* **What the exercise asks**
Without the pictures, write the listing below out again, line for line.

* **Records to use**
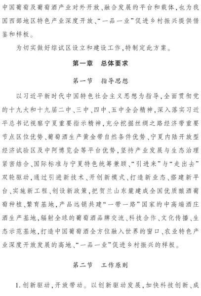 综试区立足宁夏贺兰山东麓全域,突出生态价值、重视酒旅文化、强化品牌贸易,探索三产融合新技术、新模式、新业态、新平台、新工程、新政策,努力打造引领宁夏乃至中国葡萄及葡萄酒产业对外开放、融合发展的平台和载体,也为我国西部地区特色产业深度开放、“一品一业”促进乡村振兴提供借鉴和样板。
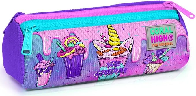 High Pembe Mor Dondurma Üç Bölmeli Kalem Çantası – Kız Çocuk
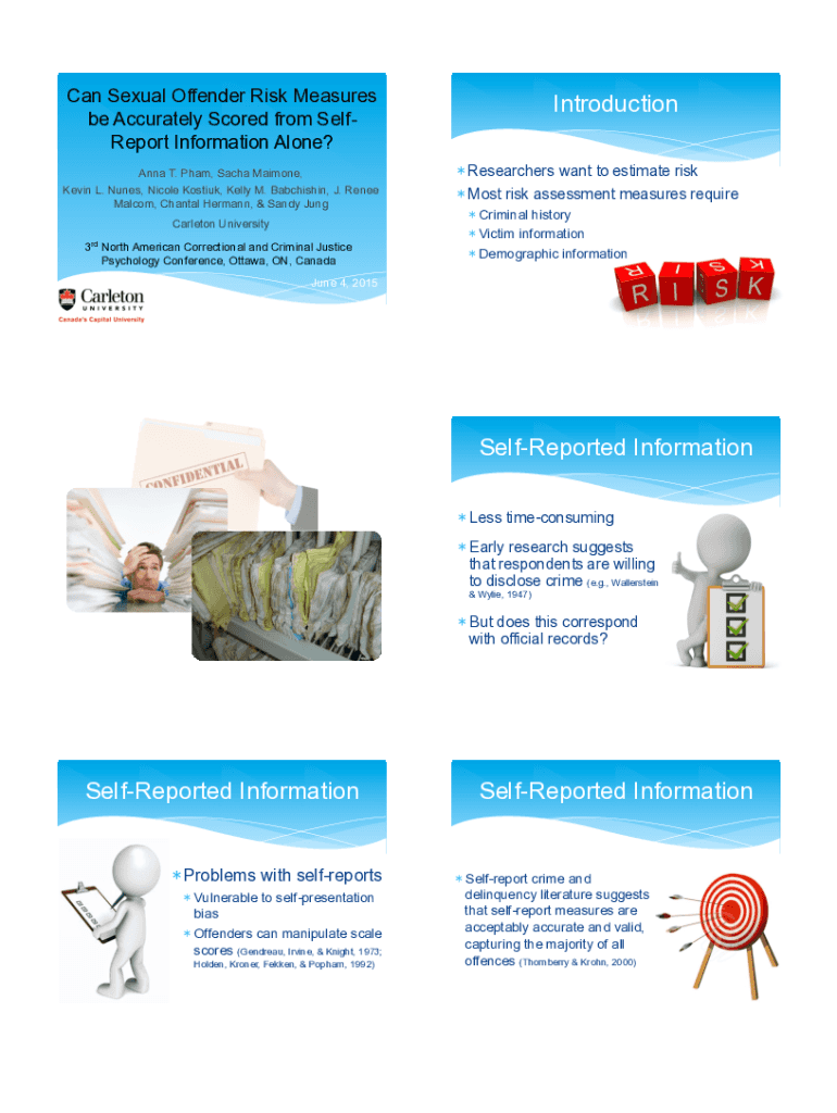 Can Sexual Offender Risk Measures be Accurately Scored from Teleport Information Alone? Anna T. Ham, Sacha Maim one, Kevin L. Tunes, Nicole Hosting, Kelly M. Babchishin, J. Renee Malcolm, Chantal
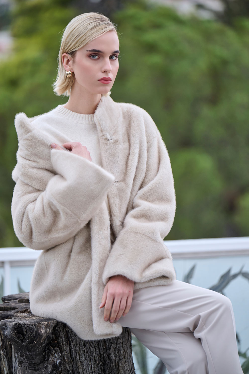 CROPPED FAUX FUR 2225501 CHOCOLATE
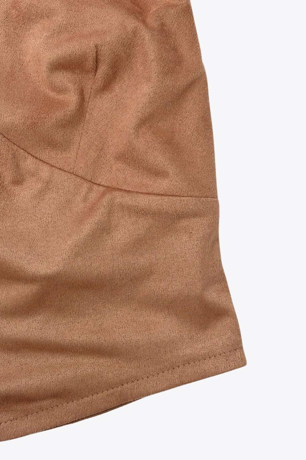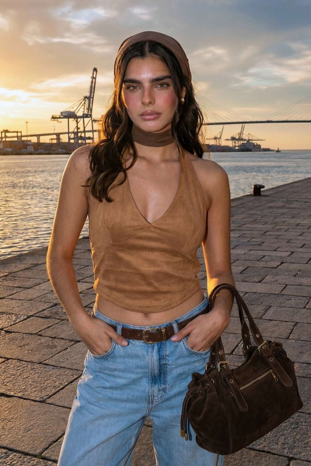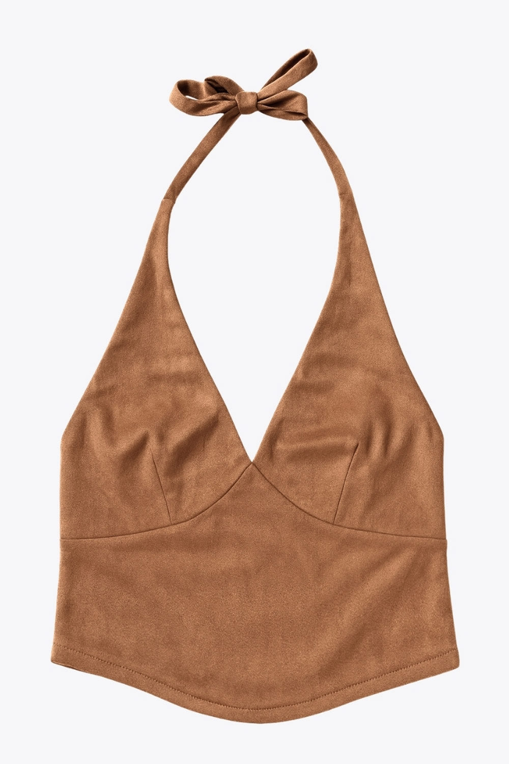 Top corto de gamuza, cuello halter con lazo amarrable posterior, escote v con cortes frontales, bajo v frontal, escote en espalda y cierre posterior con lazo amarrable.
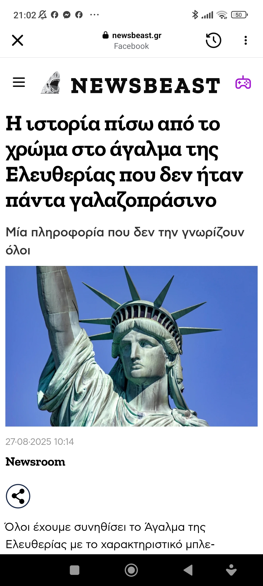 Eυρώπη / ΔιεθνήΟι αποχρώσεις στο άγαλμα της Ελευθερίας Πέτρος Ιωάννου8 μήνες ago8 μήνες ago01 mins 1/8/2025 https://www.newsbeast.gr/weird/arthro/12525267/i-istoria-piso-apo-to-chroma-sto-agalma-tis-eleftherias-pou-den-itan-panta-galazoprasino?fbclid=IwVERDUAMivxRleHRuA2FlbQIxMAABHvmXD8ipW3dE710UoS4aFtVsvh4geOt6DBjyYKysJssiYOcW07utOJgnwYXd_aem_y-LZl4_z0tAez7V_ewAcug Πλοήγηση άρθρων Previous: Ακυρώθηκε η συναυλία για τα ΤέμπηNext: Η κοινωνική μας παρακμή Αφήστε μια απάντηση Ακύρωση απάντησηςΗ ηλ. διεύθυνση σας δεν δημοσιεύεται. Τα υποχρεωτικά πεδία σημειώνονται με *Σχόλιο * Όνομα * Email * Ιστότοπος Αποθήκευσε το όνομά μου, email, και τον ιστότοπο μου σε αυτόν τον πλοηγό για την επόμενη φορά που θα σχολιάσω.
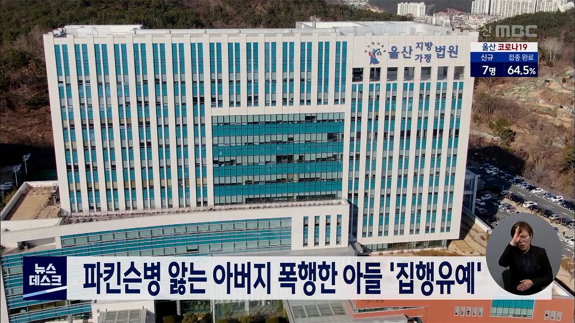 울산지법 형사6단독 김도영 판사는 파킨슨병을 앓는 70대 아버지를 때려 다치게 한 혐의로 기소된 40대 A씨에게 징역 1년에 집행유예 2년을 선고했습니다. A씨는 지난 8월 아버지에게 같이 일을 하러 가자고 했지만 힘이 없어 안 되겠다는 말에 화가 나 6시간 동안 욕설을 하며 아버지를 폭행해 늑골 골절 등의 상해를 가한...
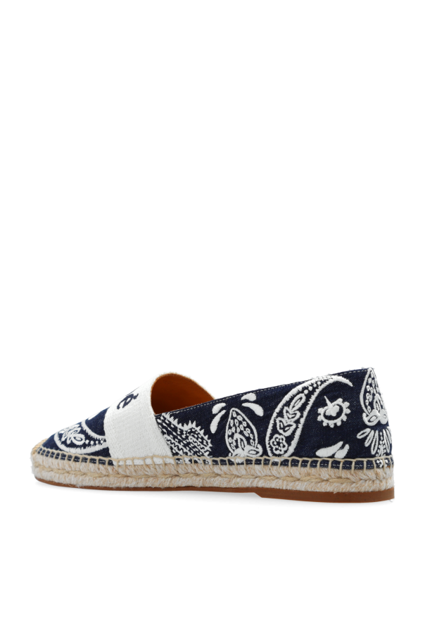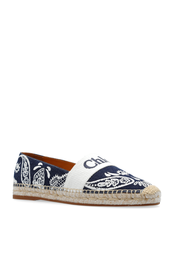 Introducing the \'Piia\' Espadrilles by Chloé, a quintessence of refined summer footwear. These espadrilles exude an understated elegance, featuring a dominant navy hue, beautifully contrasted with white decorative elements and a classic, beige jute sole. The symmetrical white pattern, reminiscent of ethnic embroidery, adorns the navy canvas, creating a visually captivating appeal. The shoes boast a classic, flat silhouette with a rounded front, crafted from premium textile, likely cotton, ensuring both comfort and durability. The sole, a hallmark of traditional espadrilles, is meticulously woven from jute, offering a touch of rustic charm. Notably, the designer\'s signature is gracefully inscribed on the front panel, a testament to Chloé\'s attention to detail and craftsmanship. With a no-fuss slip-on design and an interior possibly lined with leather, these espadrilles promise an exceptional wear experience. Why Purchase the \'Piia\' Espadrilles? Elegance & Comfort: Combines timeless design with the comfort of high-quality materials. Exquisite Craftsmanship: Showcases Chloé\'s meticulous attention to detail and dedication to quality. Unique Design: The ethnic-inspired pattern and designer inscription elevate the classic espadrille to a piece of wearable art. Versatile Wear: Perfect for both casual outings and sophisticated summer gatherings.
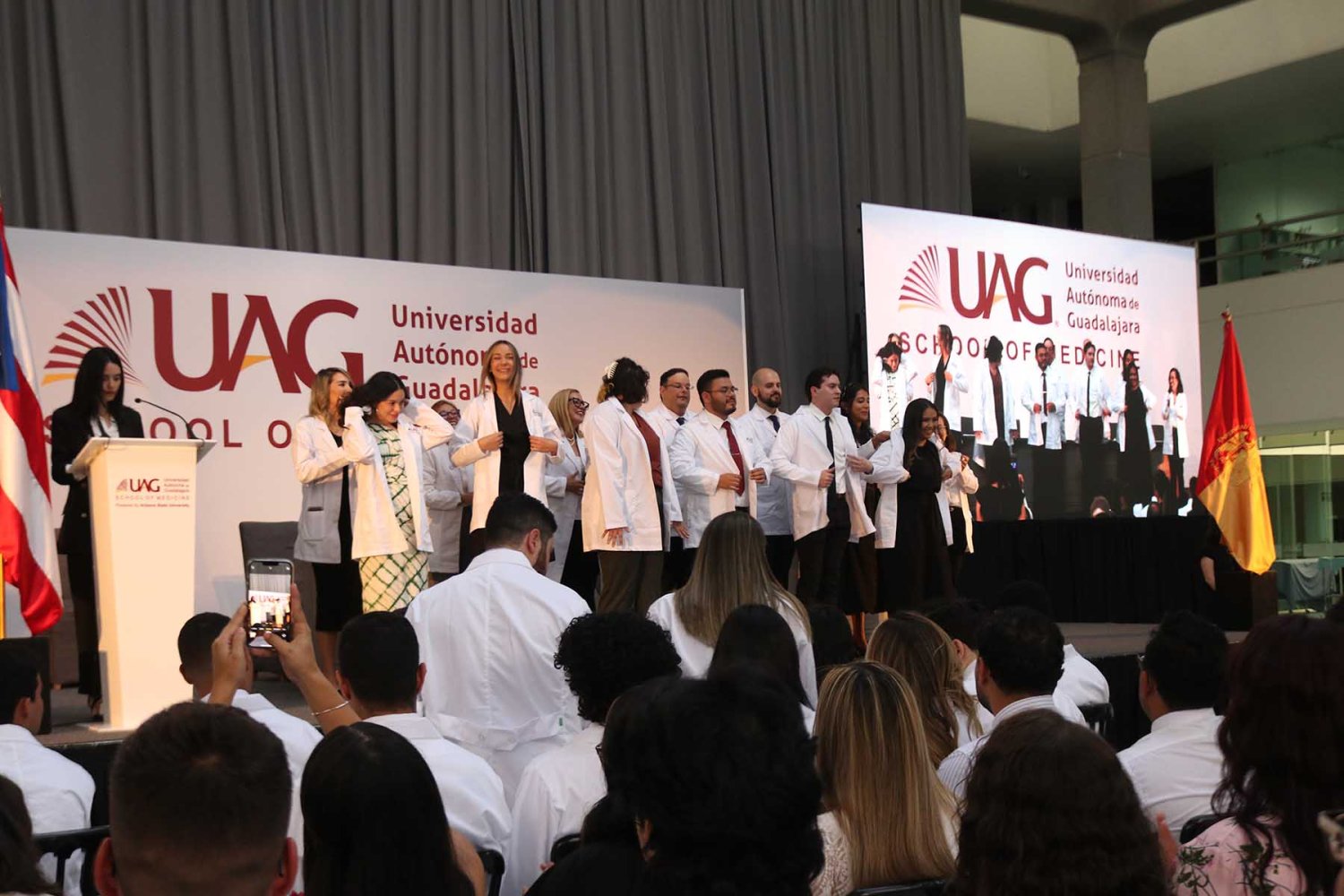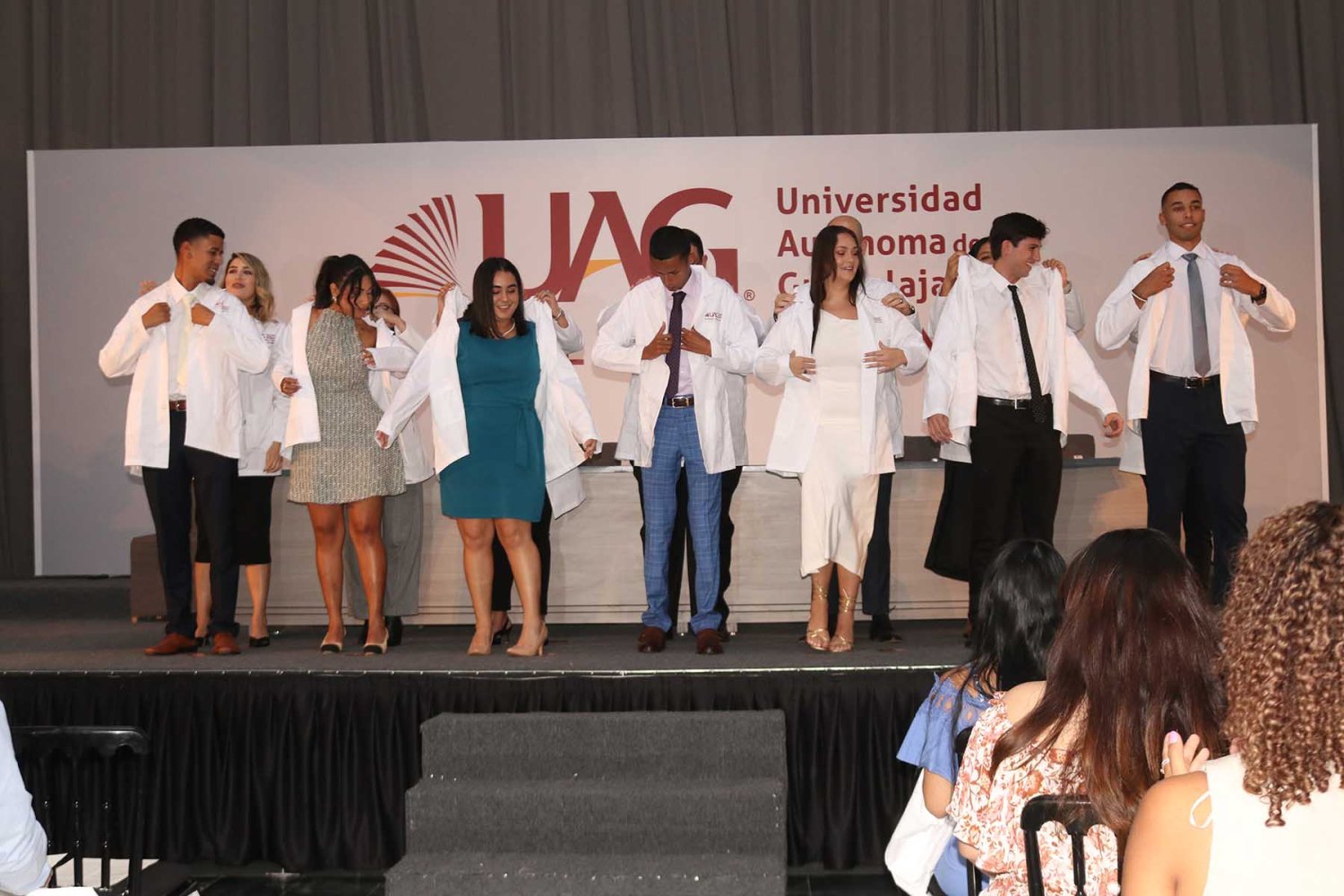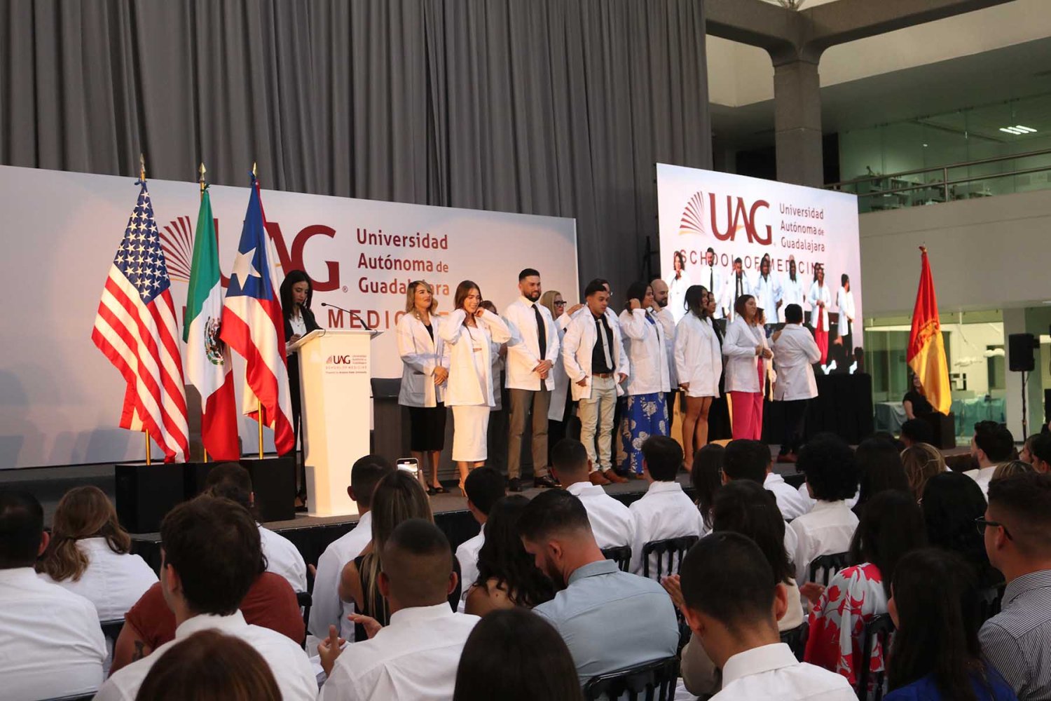 En esta ocasión, la UAG le dio la bienvenida a los nuevos estudiantes que se incorporan al Programa Internacional de Medicina (PIM) y se les impuso su primera bata blanca, la cual simboliza el compromiso con la profesión médica y su inicio como médicos en formación.

* **Finished task**
 综试区立足宁夏贺兰山东麓全域,突出生态价值、重视酒旅文化、强化品牌贸易,探索三产融合新技术、新模式、新业态、新平台、新工程、新政策,努力打造引领宁夏乃至中国葡萄及葡萄酒产业对外开放、融合发展的平台和载体,也为我国西部地区特色产业深度开放、“一品一业”促进乡村振兴提供借鉴和样板。
 High Pembe Mor Dondurma Üç Bölmeli Kalem Çantası – Kız Çocuk
 Can Sexual Offender Risk Measures be Accurately Scored from Teleport Information Alone? Anna T. Ham, Sacha Maim one, Kevin L. Tunes, Nicole Hosting, Kelly M. Babchishin, J. Renee Malcolm, Chantal
 CROPPED FAUX FUR 2225501 CHOCOLATE
 Top corto de gamuza, cuello halter con lazo amarrable posterior, escote v con cortes frontales, bajo v frontal, escote en espalda y cierre posterior con lazo amarrable.
 Eυρώπη / ΔιεθνήΟι αποχρώσεις στο άγαλμα της Ελευθερίας Πέτρος Ιωάννου8 μήνες ago8 μήνες ago01 mins 1/8/2025 https://www.newsbeast.gr/weird/arthro/12525267/i-istoria-piso-apo-to-chroma-sto-agalma-tis-eleftherias-pou-den-itan-panta-galazoprasino?fbclid=IwVERDUAMivxRleHRuA2FlbQIxMAABHvmXD8ipW3dE710UoS4aFtVsvh4geOt6DBjyYKysJssiYOcW07utOJgnwYXd_aem_y-LZl4_z0tAez7V_ewAcug Πλοήγηση άρθρων Previous: Ακυρώθηκε η συναυλία για τα ΤέμπηNext: Η κοινωνική μας παρακμή Αφήστε μια απάντηση Ακύρωση απάντησηςΗ ηλ. διεύθυνση σας δεν δημοσιεύεται. Τα υποχρεωτικά πεδία σημειώνονται με *Σχόλιο * Όνομα * Email * Ιστότοπος Αποθήκευσε το όνομά μου, email, και τον ιστότοπο μου σε αυτόν τον πλοηγό για την επόμενη φορά που θα σχολιάσω.
 울산지법 형사6단독 김도영 판사는 파킨슨병을 앓는 70대 아버지를 때려 다치게 한 혐의로 기소된 40대 A씨에게 징역 1년에 집행유예 2년을 선고했습니다. A씨는 지난 8월 아버지에게 같이 일을 하러 가자고 했지만 힘이 없어 안 되겠다는 말에 화가 나 6시간 동안 욕설을 하며 아버지를 폭행해 늑골 골절 등의 상해를 가한...
 Introducing the \'Piia\' Espadrilles by Chloé, a quintessence of refined summer footwear. These espadrilles exude an understated elegance, featuring a dominant navy hue, beautifully contrasted with white decorative elements and a classic, beige jute sole. The symmetrical white pattern, reminiscent of ethnic embroidery, adorns the navy canvas, creating a visually captivating appeal. The shoes boast a classic, flat silhouette with a rounded front, crafted from premium textile, likely cotton, ensuring both comfort and durability. The sole, a hallmark of traditional espadrilles, is meticulously woven from jute, offering a touch of rustic charm. Notably, the designer\'s signature is gracefully inscribed on the front panel, a testament to Chloé\'s attention to detail and craftsmanship. With a no-fuss slip-on design and an interior possibly lined with leather, these espadrilles promise an exceptional wear experience. Why Purchase the \'Piia\' Espadrilles? Elegance & Comfort: Combines timeless design with the comfort of high-quality materials. Exquisite Craftsmanship: Showcases Chloé\'s meticulous attention to detail and dedication to quality. Unique Design: The ethnic-inspired pattern and designer inscription elevate the classic espadrille to a piece of wearable art. Versatile Wear: Perfect for both casual outings and sophisticated summer gatherings.
 En esta ocasión, la UAG le dio la bienvenida a los nuevos estudiantes que se incorporan al Programa Internacional de Medicina (PIM) y se les impuso su primera bata blanca, la cual simboliza el compromiso con la profesión médica y su inicio como médicos en formación.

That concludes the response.